Stored data entries:
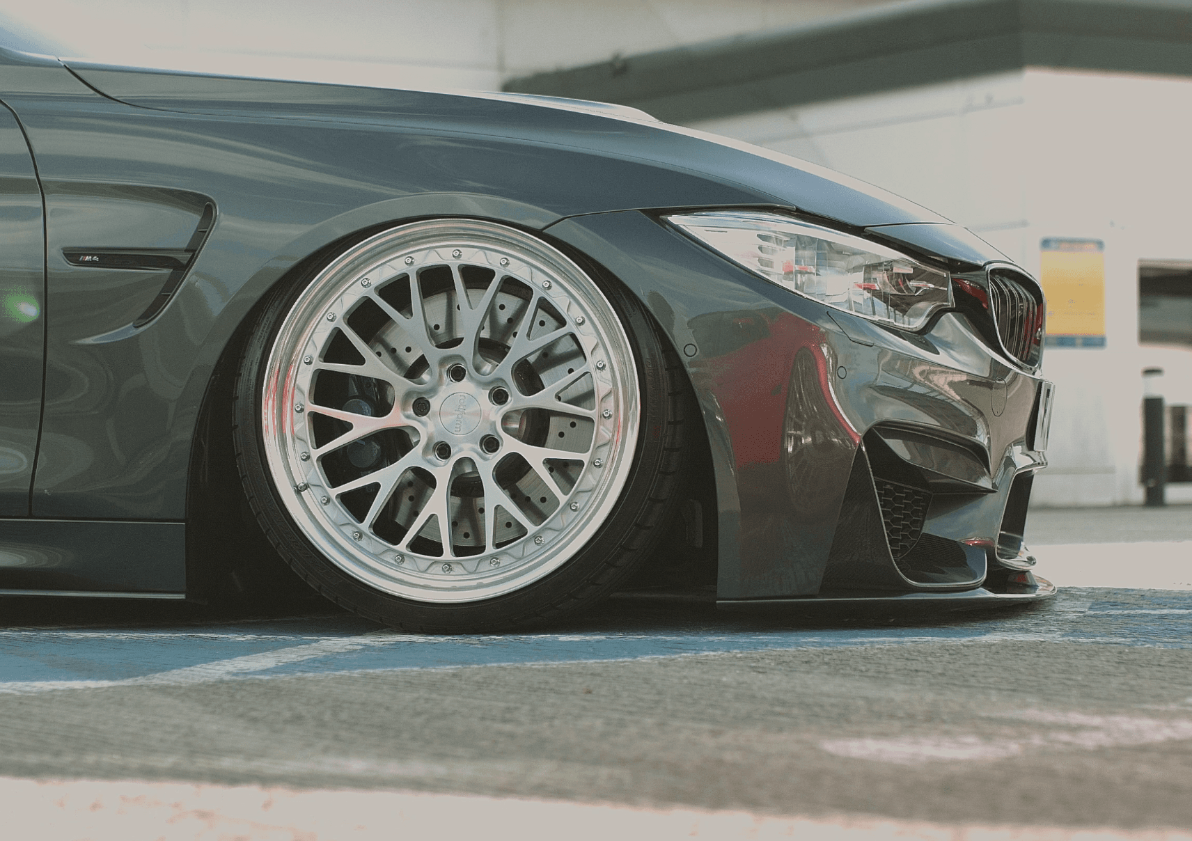 In the left corner is Parm’s F80 M3, sitting pretty on Rotiform LAS-Rs and looking seriously bold courtesy of its Sakhir Orange paintwork. In the right corner is Raj’s F82 M4, a much more subtle approach thanks to its silver Rotiform LSR wheels and Mineral Grey paintwork. Both pack a 450bhp RWD punch, both sit perfectly on Air Lift Performance suspension.
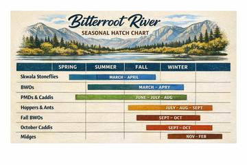 The Bitterroot is best known for dry-fly and dry-dropper fishing, particularly from late spring through early fall. Spring brings strong runoff and excellent streamer fishing, summer offers prolific hatches and terrestrial action, and fall delivers aggressive pre-spawn browns. Even in winter, patient nymphing can produce quality fish.
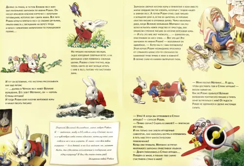 Здесь есть и история, но почти вся книга – красочные разворотные иллюстрации, предназначенные для долгого рассматривания и эстетического удовольствия. Сказочная страна, игрушки, лес: на большом формате выглядят отлично. Хороший вариант подарка для ребенка 2-4 лет.
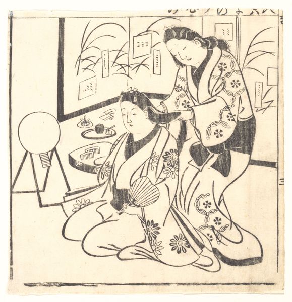 Curator: This is Aubrey Beardsley's etching, "The Rape of the Lock," created in 1896. It's currently held in the collection of the Metropolitan Museum of Art. Editor: My word, it’s bustling! A theatrical flurry of lace, powdered wigs, and… are those impish creatures mingling amongst the elite? Curator: Indeed. Beardsley’s illustration encapsulates the satirical spirit of Alexander Pope’s mock-heroic poem. Note the intricate, almost obsessive detail in the fabrics and the exaggerated stylization of the figures. Semiotically, each flourish seems to represent a certain artifice, a constructed identity within the aristocratic social sphere. Editor: Constructed is putting it mildly! These characters are drowning in artifice, like elaborate cakes. It feels like a fever dream dipped in ink—sensual, a bit wicked, and slightly absurd. I am both captivated and horrified! Curator: The high contrast achieved through the etching process amplifies this effect, wouldn't you agree? It is almost a binary in its stark delineation, yet within this framework, there are elaborate gradations and nuances created by Beardsley’s line work. Editor: It’s true, there’s so much to look at in terms of craft—you see it in the stippling and dense networks of black, punctuated with white gaps… yet I think I keep coming back to the leering faces, their over-the-top fashion...is it a mirror of societal decadence, perhaps? Curator: That interpretation is substantiated through close reading and context of the era in which it was produced, certainly. In Beardsley's application, there is almost a sense of commentary on social affectations and moral structures through visual components like texture, figure, and layout. Editor: Precisely! It seems he holds up this distorted looking glass to expose the follies beneath the glamorous surface. For something static, it leaves me feeling rather uneasy. Curator: An intended response, I presume, to foster an engagement and a level of scrutiny within the audience, so the etching effectively fulfills its design both structurally and functionally. Editor: In essence, "The Rape of the Lock" acts as a provocative and opulent spectacle! A testament to how artistic interpretations transform textual nuances.
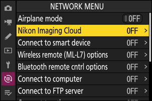 Cameră: Evidențiați [ Nikon Imaging Cloud ] în meniul de rețea și apăsați 2 .
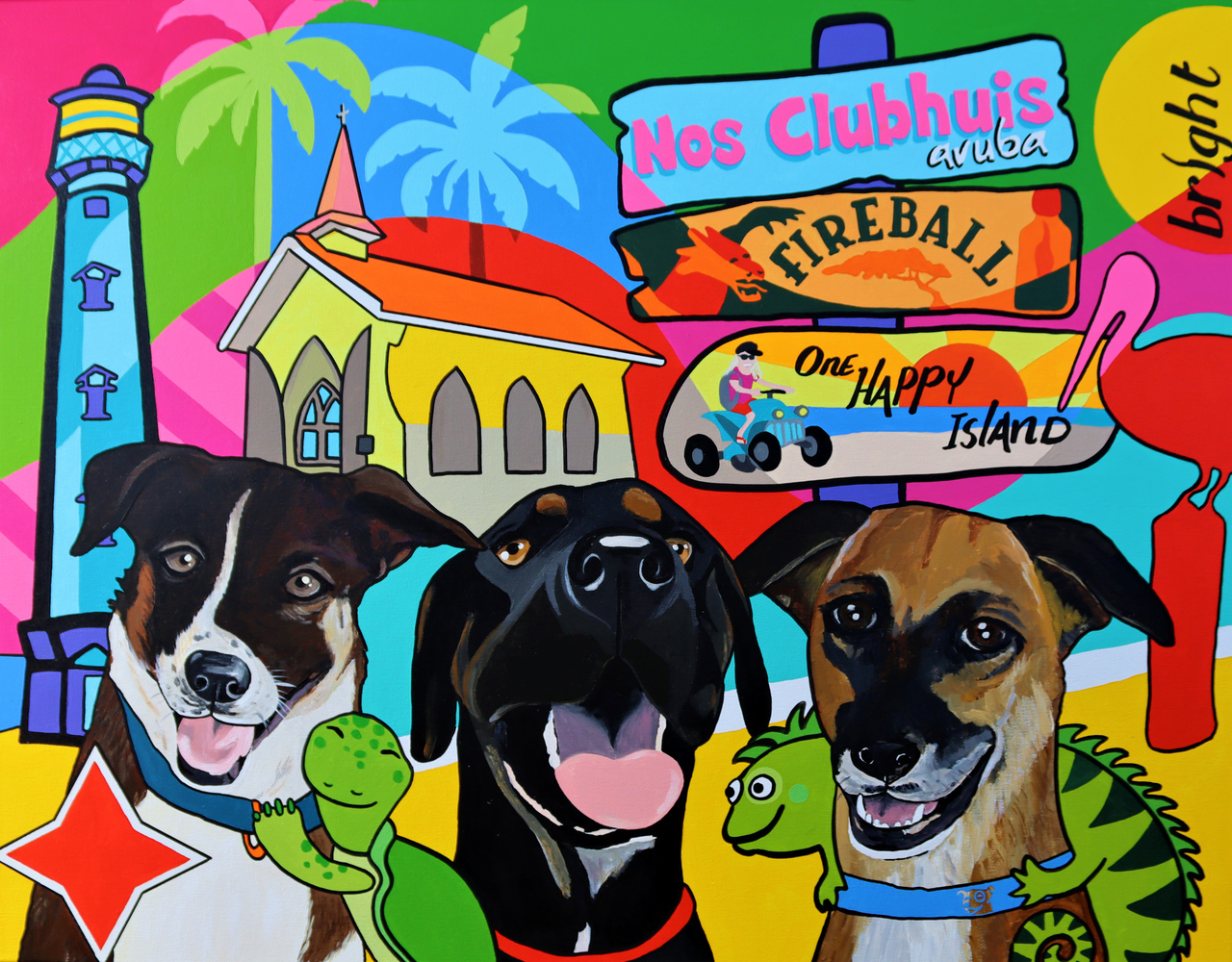 Acryl Honden Dieren Liefde Kleurrijk Canvas Painting 3 Dog Eiland Vuurtoren Paradijs Aruba Colorful Dogs Popart Caribisch Copyright Abc Musketiers Paws Dogartist Mirjamgriffioenart Mirjamgriffioen Caribbeanartist
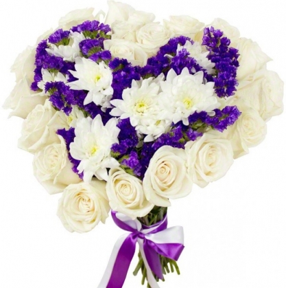 Букет сердцем из роз, хризантем и статицы | Купить в Люберцах
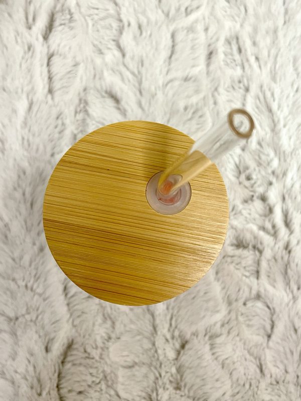Our glasses are approx 16oz and are made using high-quality, clear glass. They feature a bamboo lid and a glass straw. When storing, it is always best to keep the bamboo lid off the cup and ensure it is fully dry.
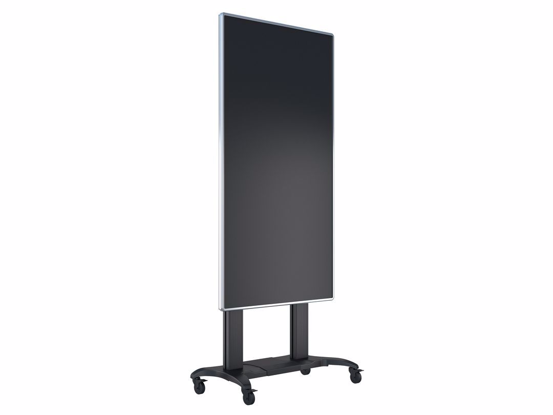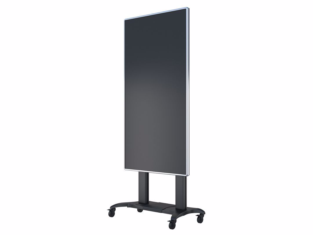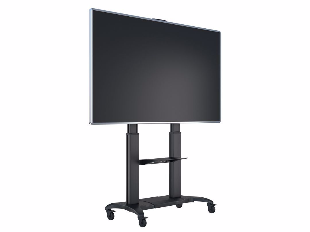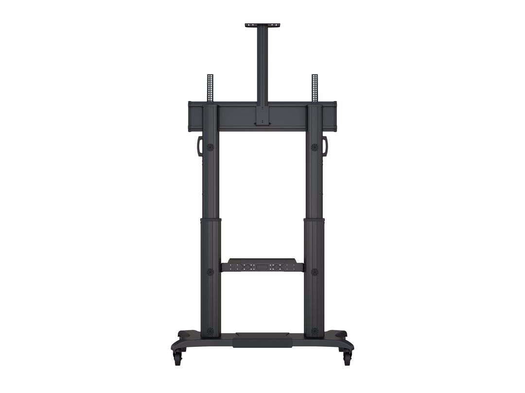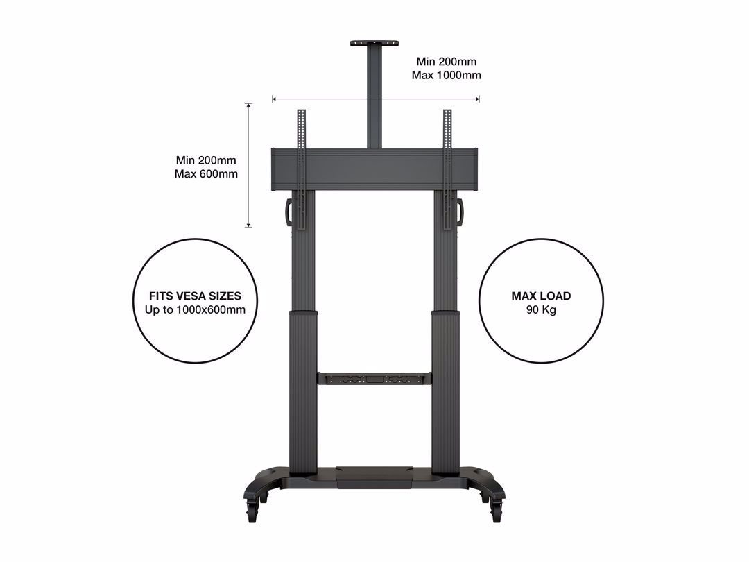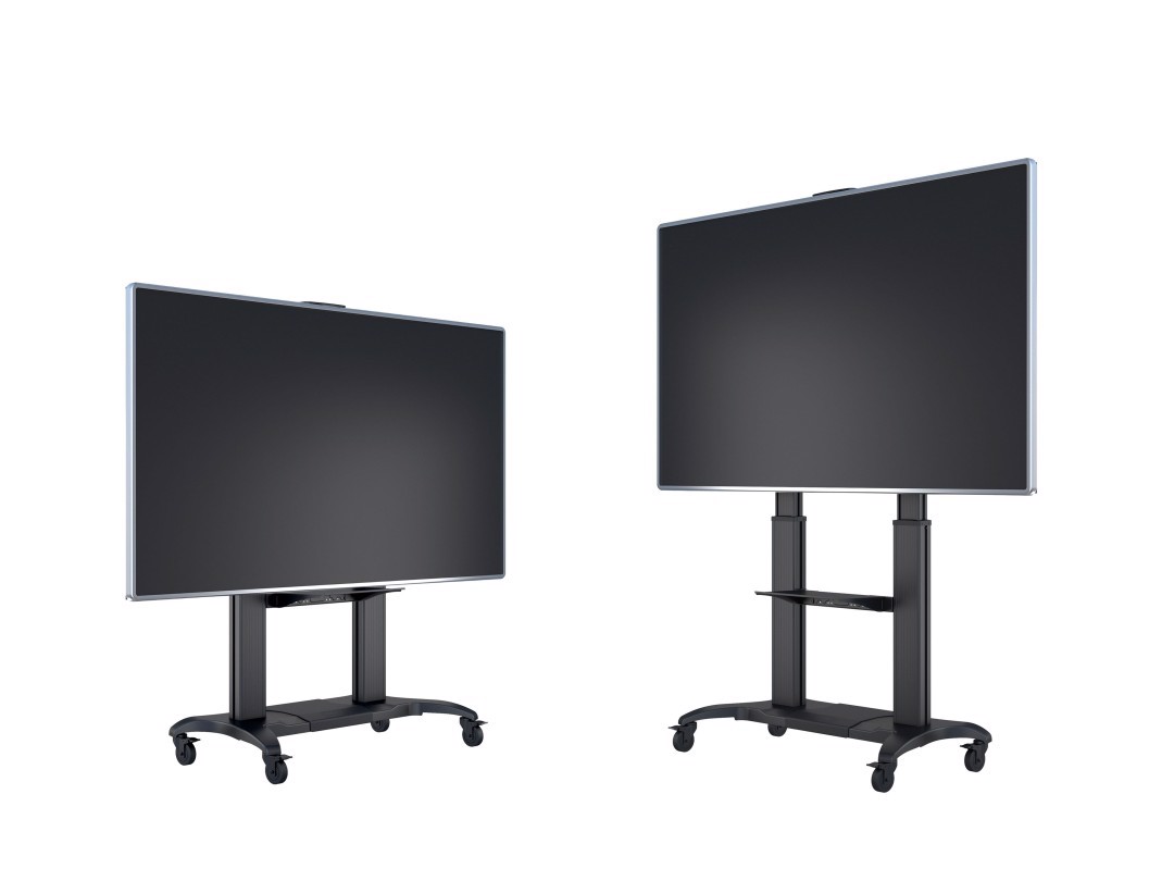 Now you can mount flat panel screens up to 100" displays on a movable Floorstand. With its black, textured powder coat finish it helps hide finger prints or dust. This Floorstand features an easy to position display height adjustment function that is unique. This innovative design with a built in stopper mechanism into the two columns creates a tool free and effortless TV height adjustment. This function reduces time consuming adjustments of height that is used on other floorstands. Now you in seconds can match your audience wheter its sitting or standing up. For fast installation the base comes pre-assembled. VESA specifications ranges from 200x200 up to 1000x600 VESA display mounting pattern, and sturdy swivel casters – two of which are lockable to keep the Floorstand in it´s place. The integrated cable management system that helps keep your cables organized and out of the way. During its introduction this versatile Floorstand also comes with accessories such as the component shelf and camerashelf included as standard.
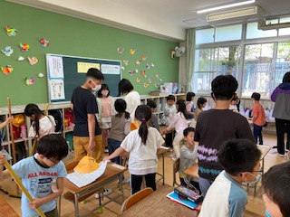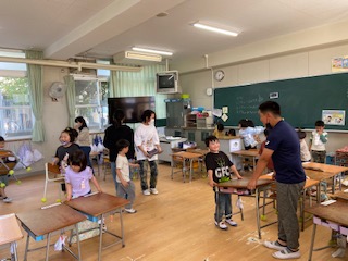 初めて教室の掃除をしました。6年生のお兄さんお姉さんが優しく手伝ってくれました。
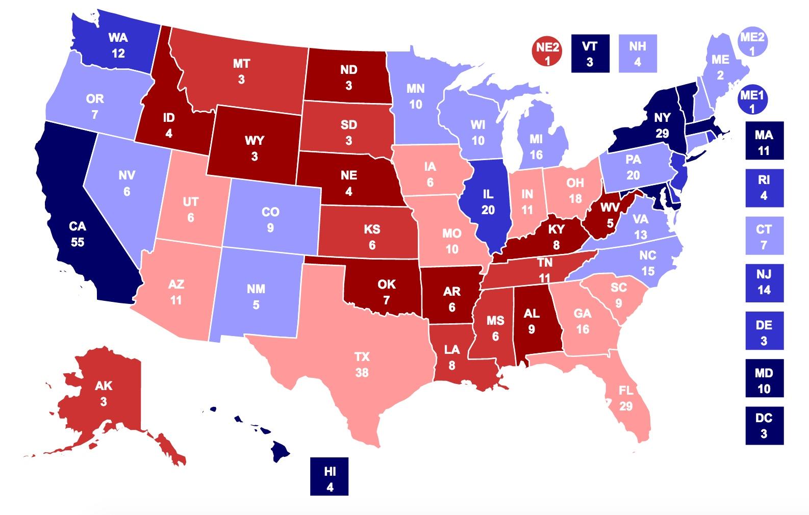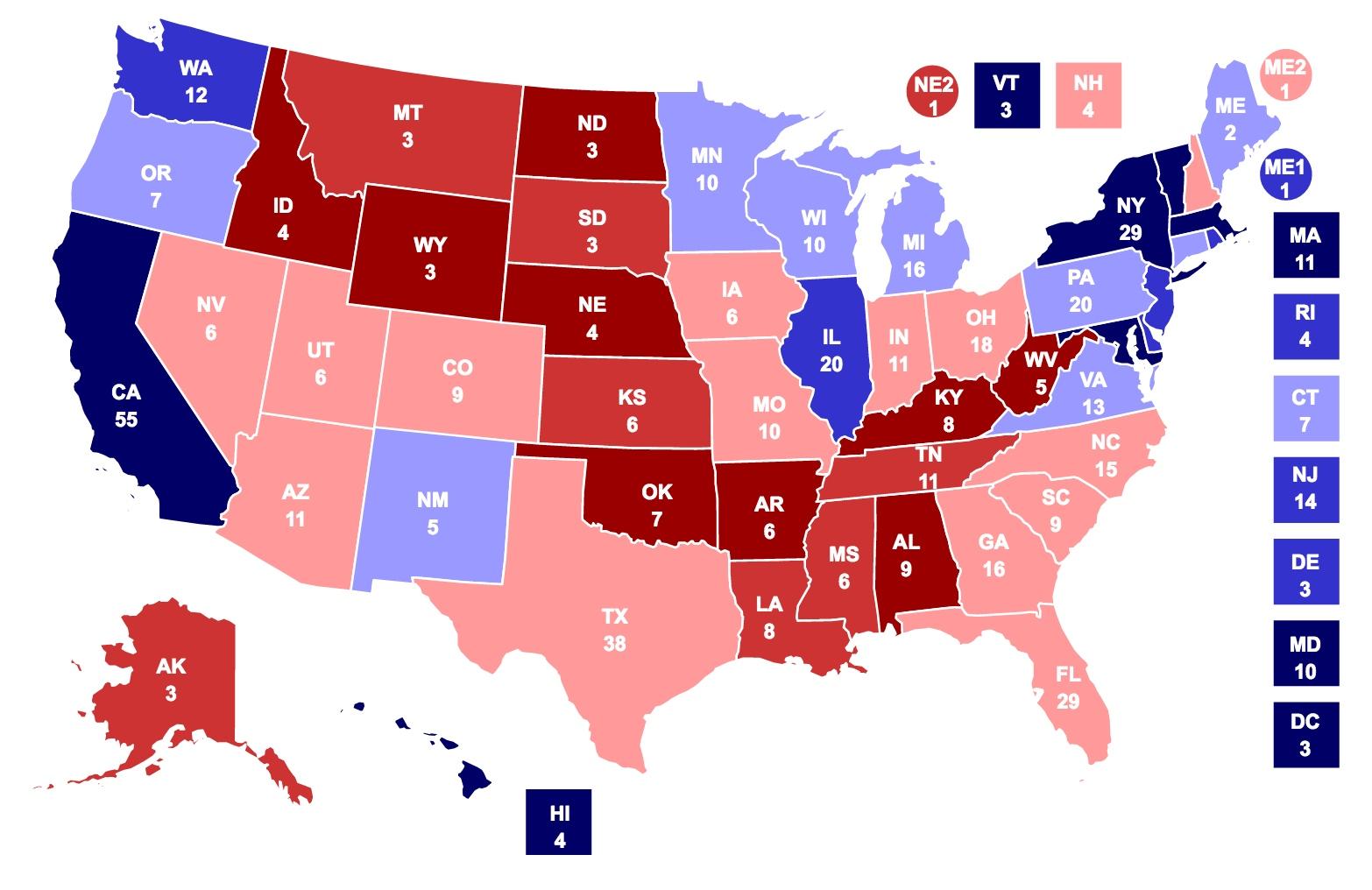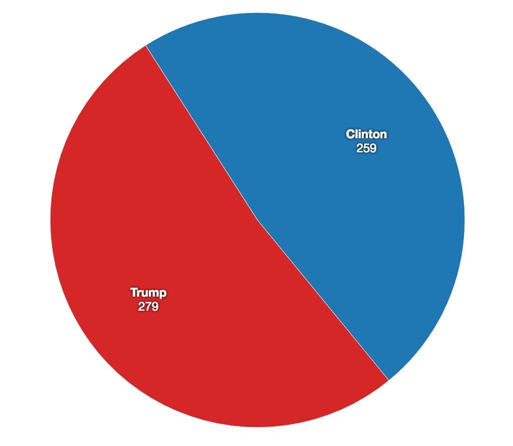 Based on these states alone, the Democrats have a sizeable lead of 259 electoral votes to the Republicans’ 164.
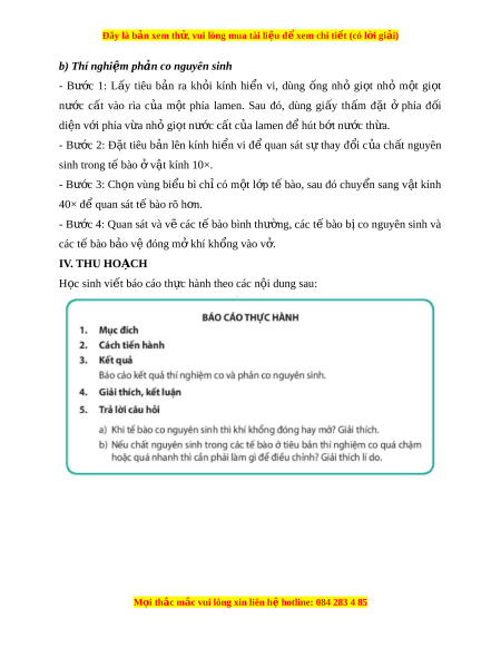 ộ phía lamen. Sau đo, dùng gi y ấ th m ấ đ t ă ở phía đ i ô diện v i ớ phía v a ư nh gi o t o nư c ớ c t ấ c a ủ lamen đ hút ể b t ớ nư c ớ th a. ư - Bư c ớ 2: Đ t ă tiêu b n ả lên kính hi n ể vi đ ể quan sát s ự thay đ i ổ c a ủ ch t ấ nguyên sinh trong t bào ế ở v t â kính 10×. - Bư c ớ 3: Ch n o vùng bi u ể bì ch ỉco m t ộ l p ớ t ế bào, sau đo chuy n ể sang v t â kính 40× đ quan ể sát t bào r ế õ h n. ơ - Bư c ớ 4: Quan sát và v ẽ các t bào ế bình thư ng, ơ các t bào ế b co i nguyên sinh và các t bào b ế o ả v đong m ệ kh ở í khổng vào v . ở IV. THU HOACH H c o sinh vi t ế báo cáo th c hành t ự heo các n i ộ dung sau: M i
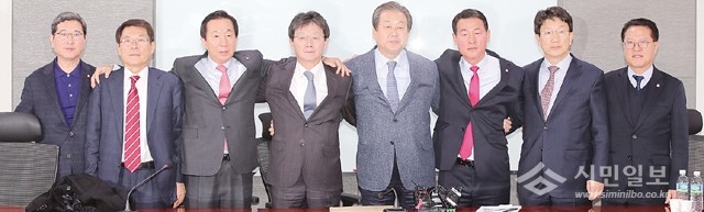 새누리당 김무성 전 대표와 유승민 의원 등 비주류 의원들이 21일 오전 서울 여의도 국회 의원회관에서 열린 회동이 끝난 뒤 기자회견을 마치고 포즈를 취하고 있다. 왼쪽부터 김학용, 이군현, 김성태, 유승민, 김무성, 황영철, 권성동, 정운천.

DIRECTIONS FOR THIS TASK:
Transcribe, word for word, the stretch of lines in the data above from the one with "Cameră: Evidențiați [ Nikon" through the one with "Based on these"; omit all pictures.

TASK OUTPUT:
 Cameră: Evidențiați [ Nikon Imaging Cloud ] în meniul de rețea și apăsați 2 .
 Acryl Honden Dieren Liefde Kleurrijk Canvas Painting 3 Dog Eiland Vuurtoren Paradijs Aruba Colorful Dogs Popart Caribisch Copyright Abc Musketiers Paws Dogartist Mirjamgriffioenart Mirjamgriffioen Caribbeanartist
 Букет сердцем из роз, хризантем и статицы | Купить в Люберцах
Our glasses are approx 16oz and are made using high-quality, clear glass. They feature a bamboo lid and a glass straw. When storing, it is always best to keep the bamboo lid off the cup and ensure it is fully dry.
 Now you can mount flat panel screens up to 100" displays on a movable Floorstand. With its black, textured powder coat finish it helps hide finger prints or dust. This Floorstand features an easy to position display height adjustment function that is unique. This innovative design with a built in stopper mechanism into the two columns creates a tool free and effortless TV height adjustment. This function reduces time consuming adjustments of height that is used on other floorstands. Now you in seconds can match your audience wheter its sitting or standing up. For fast installation the base comes pre-assembled. VESA specifications ranges from 200x200 up to 1000x600 VESA display mounting pattern, and sturdy swivel casters – two of which are lockable to keep the Floorstand in it´s place. The integrated cable management system that helps keep your cables organized and out of the way. During its introduction this versatile Floorstand also comes with accessories such as the component shelf and camerashelf included as standard.
 初めて教室の掃除をしました。6年生のお兄さんお姉さんが優しく手伝ってくれました。
 Based on these states alone, the Democrats have a sizeable lead of 259 electoral votes to the Republicans’ 164.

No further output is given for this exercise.